Ah! gentlemen, that was a dreadful mistake. Such a secret can be safe nowhere. The whole creation of God has neither nook nor corner where the guilty can bestow it, and say it is safe. Not to speak of that eye which glances through all disguises, and beholds everything as in the splendor of noon; such secrets of guilt are never safe from detection, even by men. True it is, generally speaking, that “murder will out.” True it is that Providence hath so ordained, and doth so govern things, that those who break the great law of Heaven by shedding man’s blood, seldom succeed in avoiding discovery. Especially, in a case exciting so much attention as this, discovery must come, and wilt come, sooner or later. A thousand eyes turn at once to explore every man, everything, every circumstance connected with the time and place; a thousand ears catch every whisper; a thousand excited minds intensely dwell on the scene, shedding all their light, and ready to kindle the slightest circumstance into a blaze of discovery.
Meantime, the guilty soul can not keep its own secret.

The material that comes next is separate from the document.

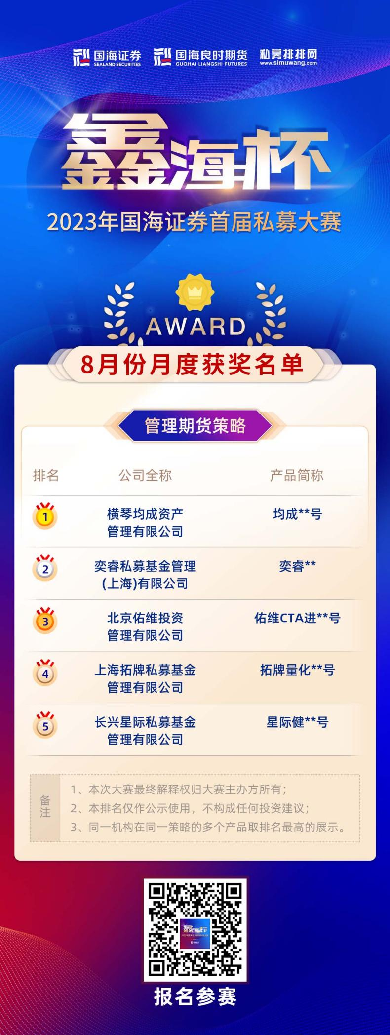 2023年4月,国海证券携手国海良时期货、私募排排网重磅推出首届“鑫海杯”私募大赛。本届大赛旨在提供公平、公正的比赛平台,继而遴选出具有优秀卓著投资能力且具备长期发展条件的优质私募,并通过设立丰厚的大赛奖励,赋能优秀私募基金管理人稳健发展。

It is false to itself, or rather it feels an irresistible
impulse of conscience to be true to itself. It
labors under its guilty possession, and knows not what
to do with it. The human heart was not made for
the residence of such an inhabitant. It finds
itself preyed on by a torment, which it dares not
acknowledge to God nor man. A vulture is devouring
it, and it can ask no sympathy or assistance either
from heaven or earth. The secret which the murderer
possesses soon comes to possess him; and, like the
evil spirits of which we read, it overcomes him, and
leads him whithersoever it will. He feels it
beating at his heart, rising to his throat, and demanding
disclosure. He thinks the whole world sees it
in his face, reads it in his eyes, and almost hears
its workings in the very silence of his thoughts.

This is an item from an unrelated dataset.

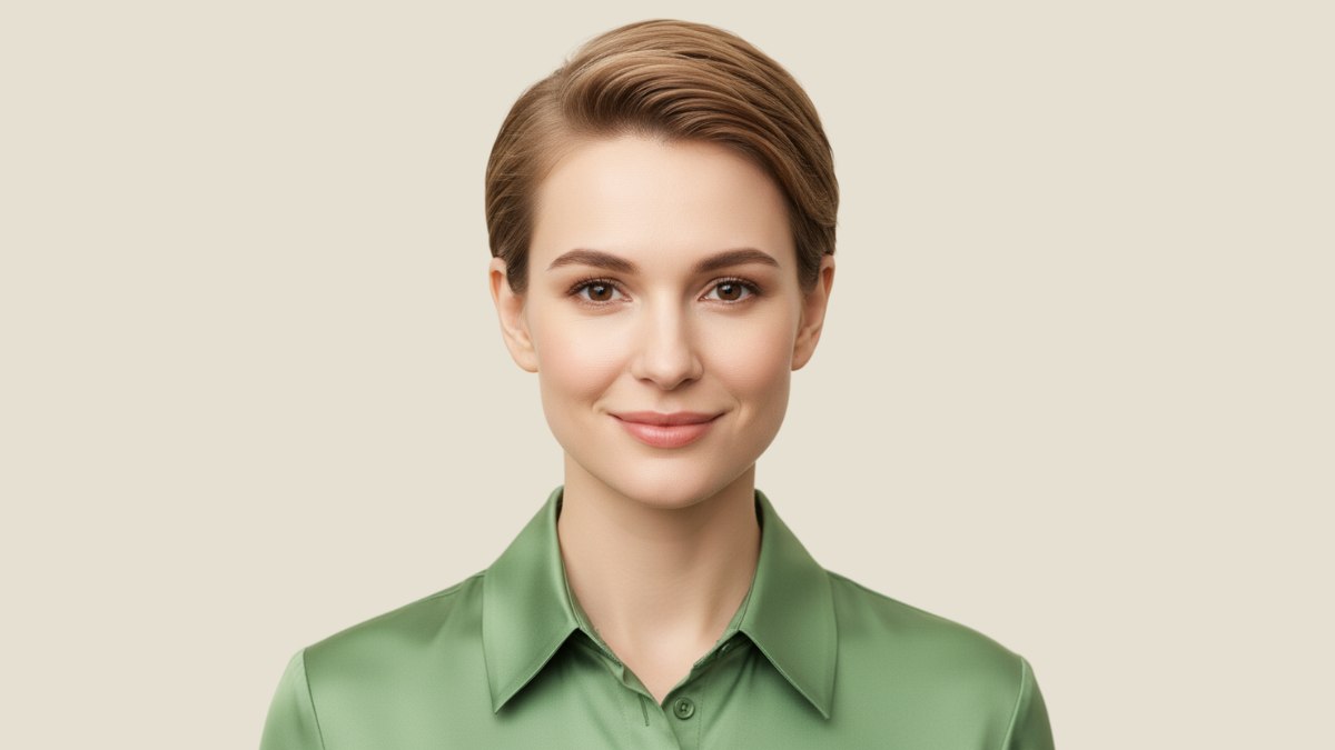 Het groene zijden hemd met klassieke kraag is een uitstekende keuze bij dit kort kopje. Kort haar legt de nek en schouders bloot, en de gestructureerde kraag omlijst dit gebied op een manier die het kapsel versterkt zonder ermee te concurreren. De gladde stof en strakke lijnen passen perfect bij de verfijnde uitstraling van de coupe.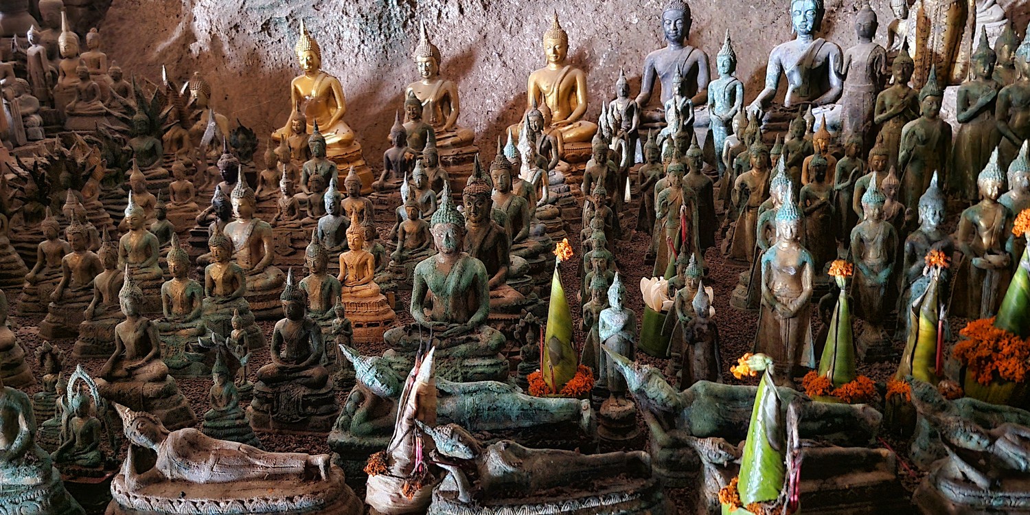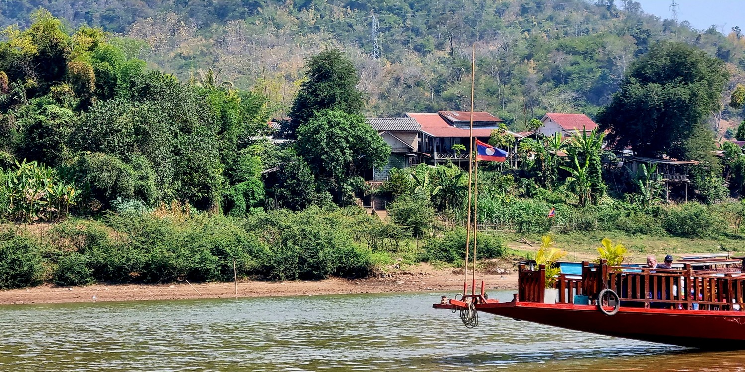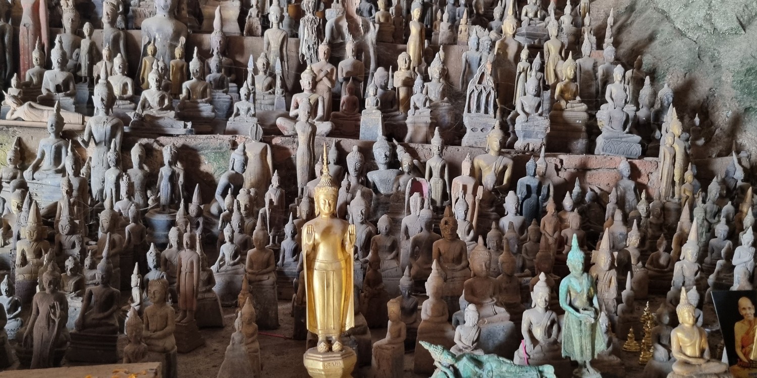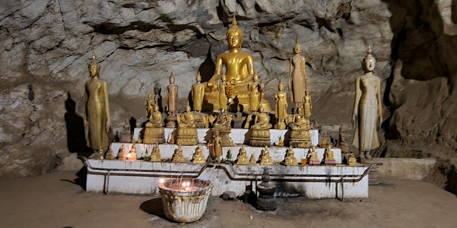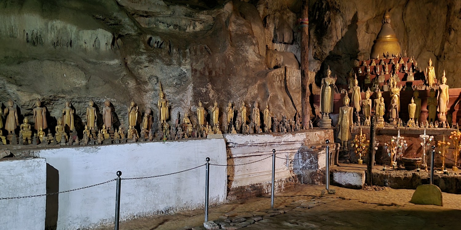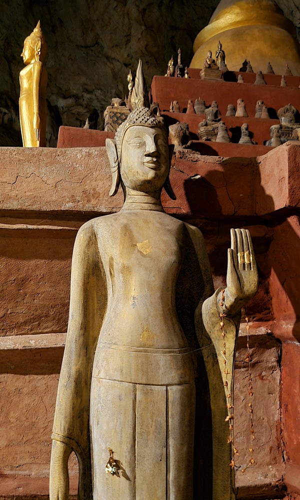 Départ le lendemain sur le Mékong, pour la visite des grottes de Pak Ou et le whisky village (Lao Lao village). Mon avis, les grottes, c'était nul,

It has become his master. It betrays his discretion,
it breaks down his courage, it conquers his prudence.
When suspicions from without begin to embarrass him,
and the net of circumstance to entangle him, the fatal
secret struggles with still greater violence to burst
forth. It must be confessed, it will be confessed;
there is no refuge from confession but suicide, and
suicide is confession.
—Daniel
Webster.
Note.—The above extract is from Daniel Webster’s argument in the trial of John F. Knapp for the murder of Mr. White, a very wealthy and respectable citizen of Salem, Mass, Four persons were arrested as being concerned in the conspiracy; one confessed the plot and all the details of the crime, implicating the others, but he afterwards refused to testify in court. The man who, by this confession, was the actual murderer, committed suicide, and Mr. Webster’s assistance was obtained in prosecuting the others. John F. Knapp was convicted as principal, and the other two as accessaries in the murder.